Lately I have been looking at tools used to teach young people how to program. That includes environments and languages like Scratch, Turtle Graphics (in Python), Alice, Greenfoot, etc. It also includes full curriculum programs like Girls Who Code, Black Girls Code and online programs through the Khan Academy and Coursera.
I’m hitting a wall though, and I need to take a minute to discuss the problems I am seeing – otherwise I might implode.
 There are a lot of people working on the same problem. First and foremost, I keep uncovering more teachers (through CSTA, CS4HS, the Khan Academy, code.org, independent blogs, Twitter) who are encountering the same exact problems and are asking the same sorts of questions. These people are all doing really incredible work, but they are it independently (on their own little corner of the internet). We need to get on the same page.
 The tools are repetitive. I once worked on a research project developing algorithm visualizations for JHAVE. While I thought the system was super cool and it was an excellent foray into CS education research for me, I soon realized that a ton of visualization programs actually already exist. In fact, you can see them all at AlgoViz. At first, it seems great that there are so many tools and options out there.
But the problem I’m seeing is that computer scientists are too quick to just create a new tool, rather than add-on, mashup or adapt a tool in existence. When we find a problem with the existing teaching tools, we create from the ground up, scrapping all design decisions in other system. Instead, I think we should try using what is already out there, evaluate whether or not it actually works in a research sense, and make informed decisions about how to continue developing better CS teaching tools based on the research. Yes, that means we have to work together, collaborate. Open-source style, anyone?
 The tools are designed for independent learners. I am really starting to think that the “independent learner” design that I am seeing built into teaching tools for CS is part of our pipeline problem. No wonder minorities aren’t getting into computing; we are not giving them access points, an ecosystem of support. Instead, let’s build mentoring, tutoring, conversation, socialization, collaboration, and feedback into our teaching tools.
 The actual curriculum out there is limited. If you search “How to teach mean-median-mode to middle schoolers,” you get a series of examples of lesson plans, tools used for teaching, possible assessments for students, feedback about how certain types of lessons target different student demographics. This portfolio of resources allows a teacher to go out and teach immediately, without having to build a curriculum framework around a teaching tool. In CS, often our teaching tools are still stand-alone and are not accompanied by curriculum, lesson plans, assessments, use-case examples, etc. We need to package our tools with the curriculum, not just create the tools and expect teachers to know how to implement them.
 The tools do not follow best practices for teaching. Since the tools are often designed primarily by engineers (sometimes without even consultation from educators), they are often missing the perspective of the “science of teaching and learning.” There is a ton of research out in the world about cognitive psychology, philosophies of education, mental models, the notional machine, inquiry-based learning, and problem-based learning, just to name a few fields and concepts related to CS education. This sort of research should not just inform the development of CS teaching tools, it should fundamentally drive direction of their development.
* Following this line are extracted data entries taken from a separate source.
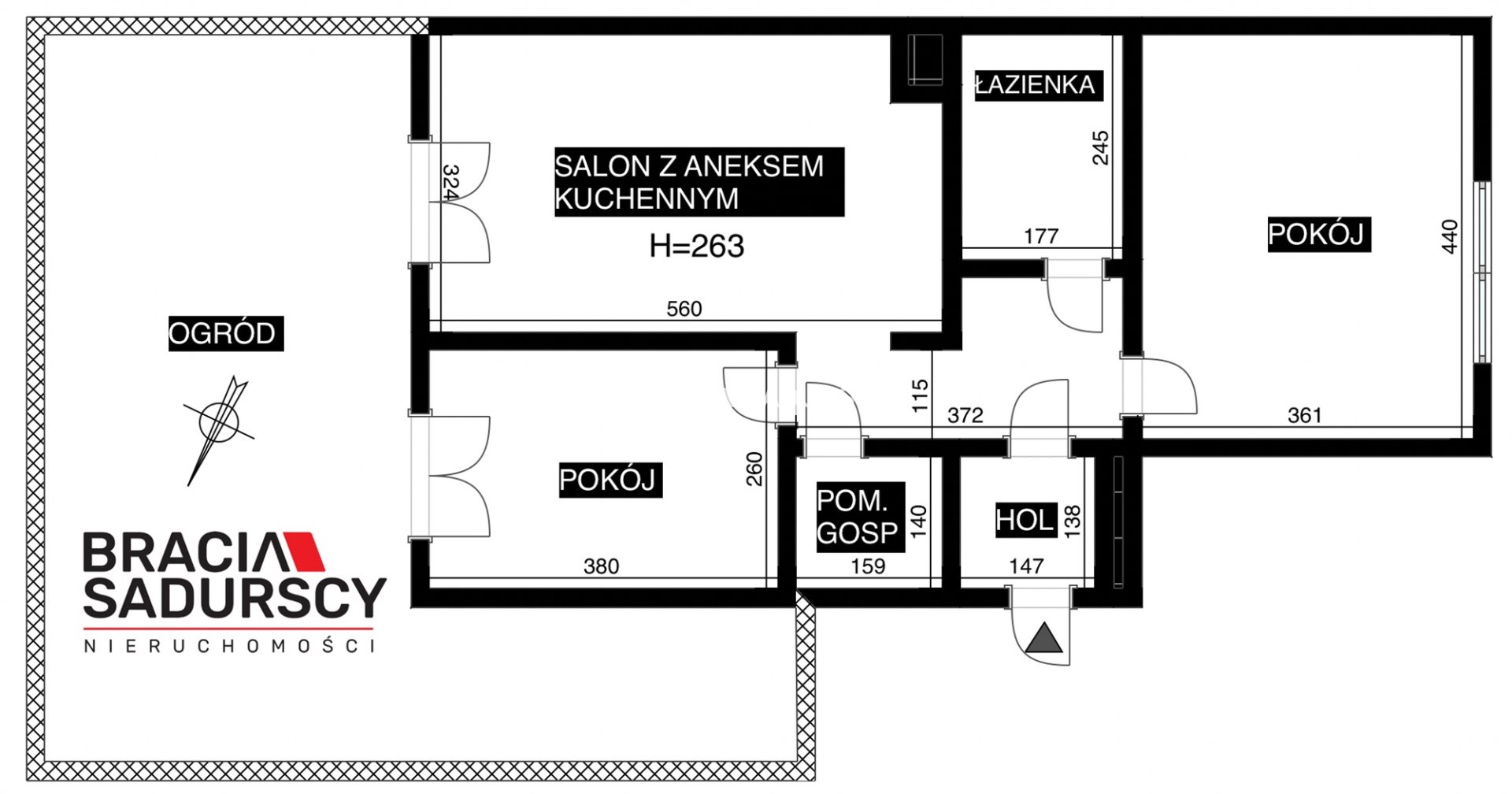 3 pokoje: salon z aneksem kuchennym + 2 sypialnie,
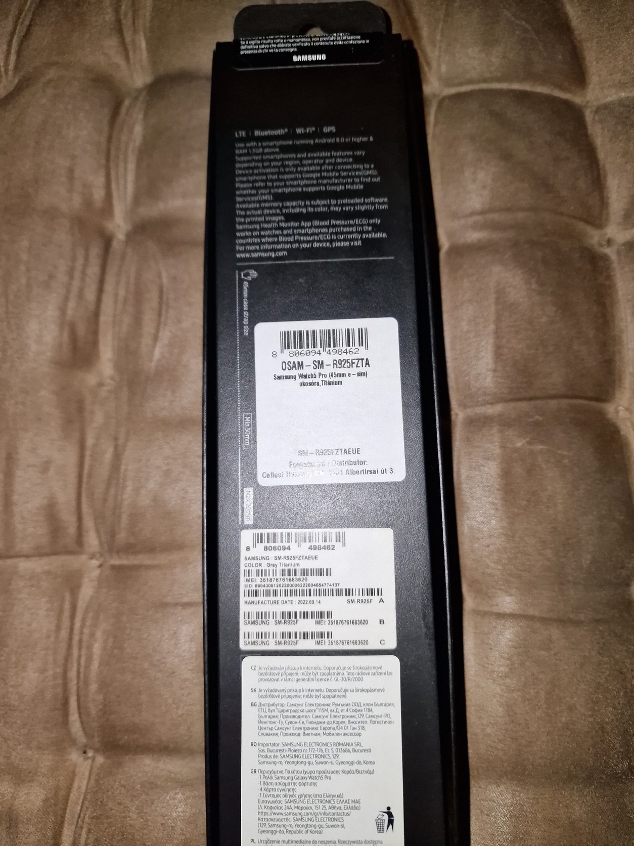 Eladó a képeken látható Samsung Galaxy Watch 5 Pro LTE okosórám szürke titán (Gray Titanium) kivitelben. Ez a strapabíróbb, zafír üveggel és titán házzal szerelt Pro változat, amely LTE-képes (eSIM-mel telefon nélkül is használható)
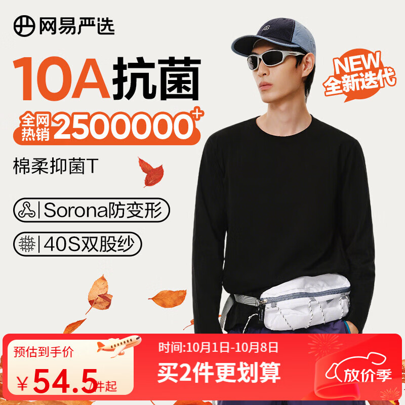 网易严选 200g重磅棉7A抑菌基础长袖T恤纯棉内搭外穿打底衫 A款10A抑菌升级-本白色 L
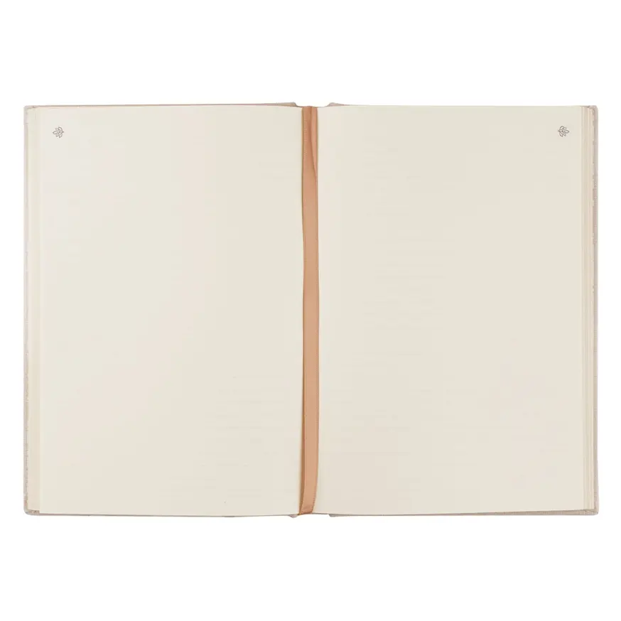 This beautiful notebook features our Casablanca design. Inspired by the town of Casablanca, Morocco, this notebook has a gorgeous, lacey, embroidered floral design, reminiscent of the rich heritage of this town’s textile port. Outlines of delicate, white embroidered magnolias cover this notebook, giving it an elegant and elevated look, while gold-gilded pages give this notebook an extra touch of beauty. The back of this beautiful notebook features a gold-foiled verse, Psalm 51:10, “Create in me a clean heart.” This verse serves as a reminder that when we commune with God, we should desire to be refined by his love and grace.
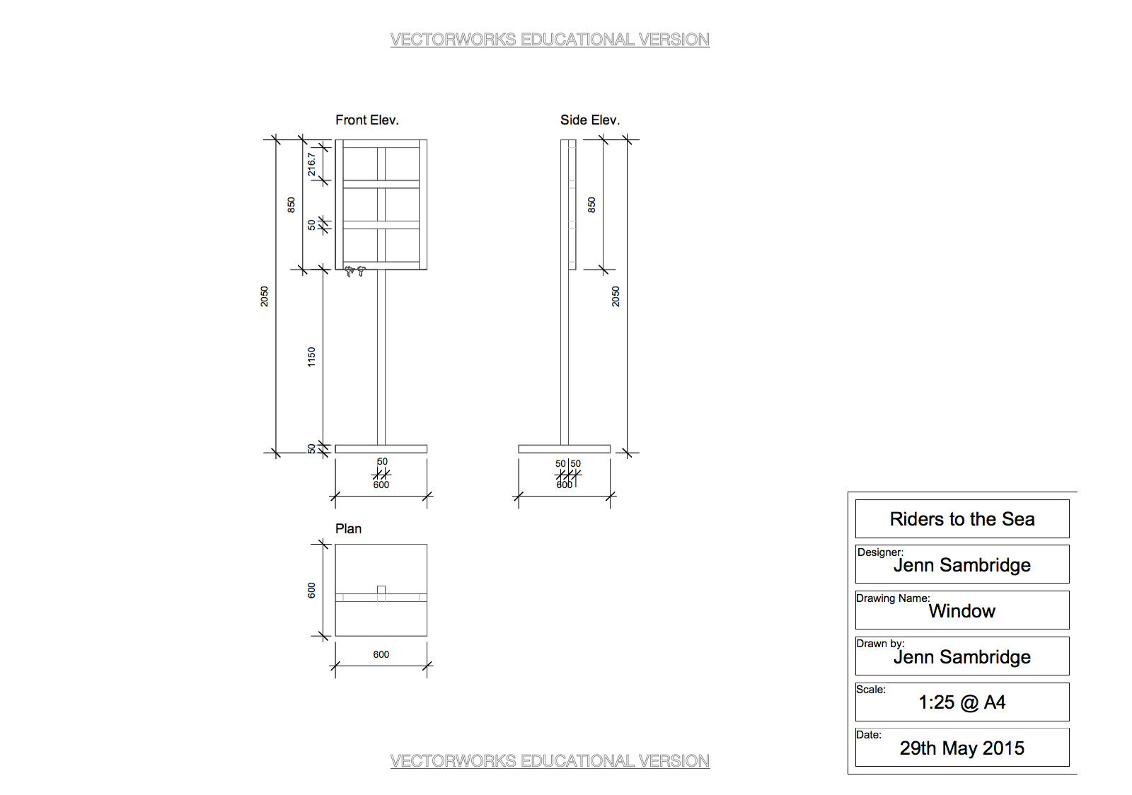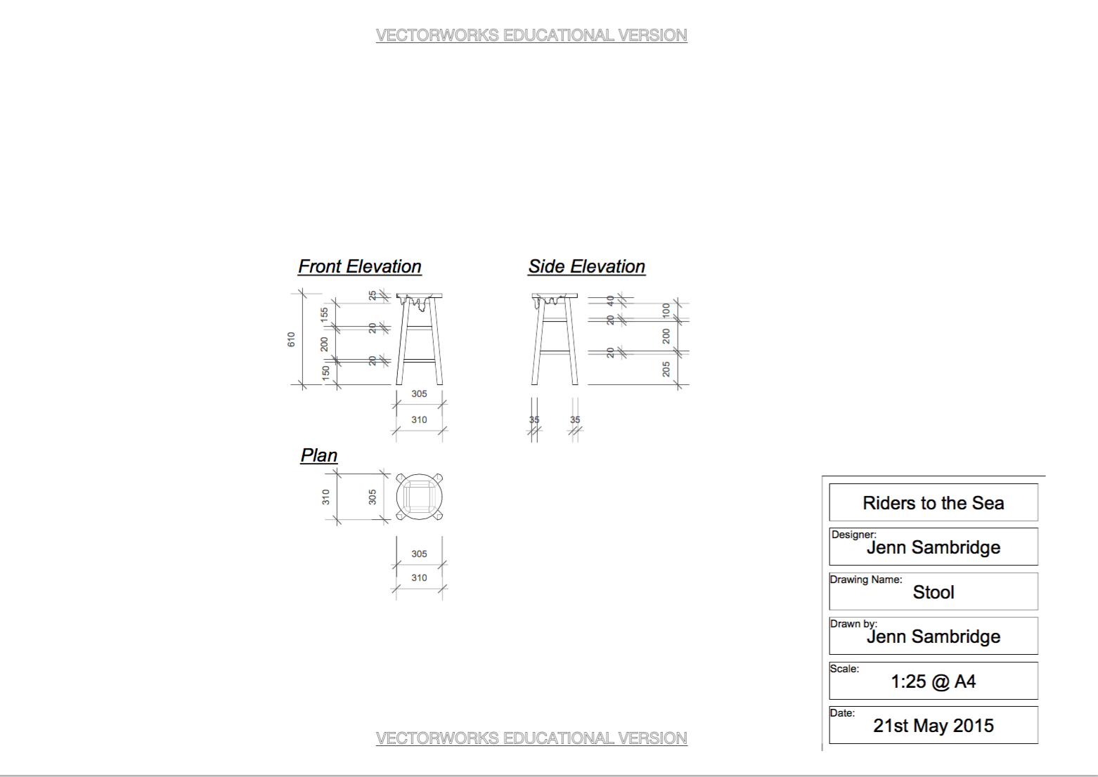 ‘Riders to the Sea’ – Technical Drawings A selection of technical drawings at 1:25 and 1:50 scale for objects in my final individual 3rd-year project design for ‘Riders to the Sea’ by Vaughan Williams.
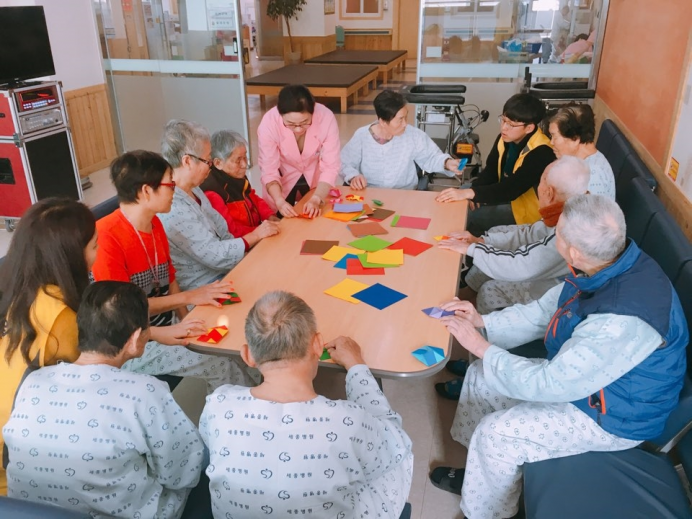 15병동 어르신들과 조형활동으로 하트접기를 하였습니다.
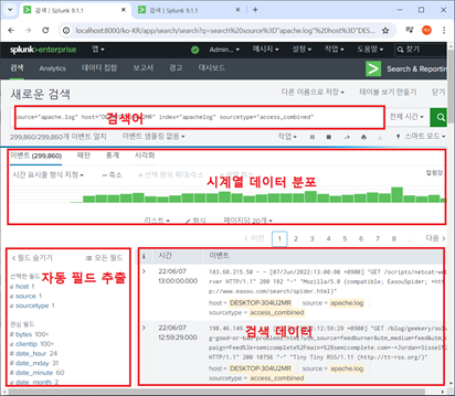 - SQL 기능과 Unix파이프라인 구문이 결합된 최적의 검색 언어인 SPL 지원

 The tools do not talk about the “whys” of programming and computational thinking. The world is aflutter with the general need to learn to program and to do so quickly. But why? If you’ve ever attended a middle or high school math class, I’m sure you’ve heard students ask “When would I ever use this in the real world? Why do I have to learn this?” As an engineer, I can brainstorm a thousand reasons why programming is important and exciting and useful and relevant. We have to build this sort of learning direction into our tools and lessons in order to motivate student audiences. For example, “at the end of this lesson, you will know a bit about how search engines work and consequently you will how to trick web searches into ranking your personal website/blog/Tumblr highly.”
 While we are at the drawing board, let’s consider cultural relevance of teaching tools. Who are we to define what is “cool” and “hip” for young people? Let’s start asking some them! I cannot speak for middle-schoolers today, but I can tell you that when I was 13, I thought myself pretty “mature” and “adult-like.” So, let’s design teaching systems that play off of the world views held by middle-schoolers. In another example, when I teach on Pine Ridge Reservation, I use Lakota culture and folklore in my lessons about programming. Computer science is not just for rich, white males, so let’s teach it in diverse ways and build that diversity into our teaching tools.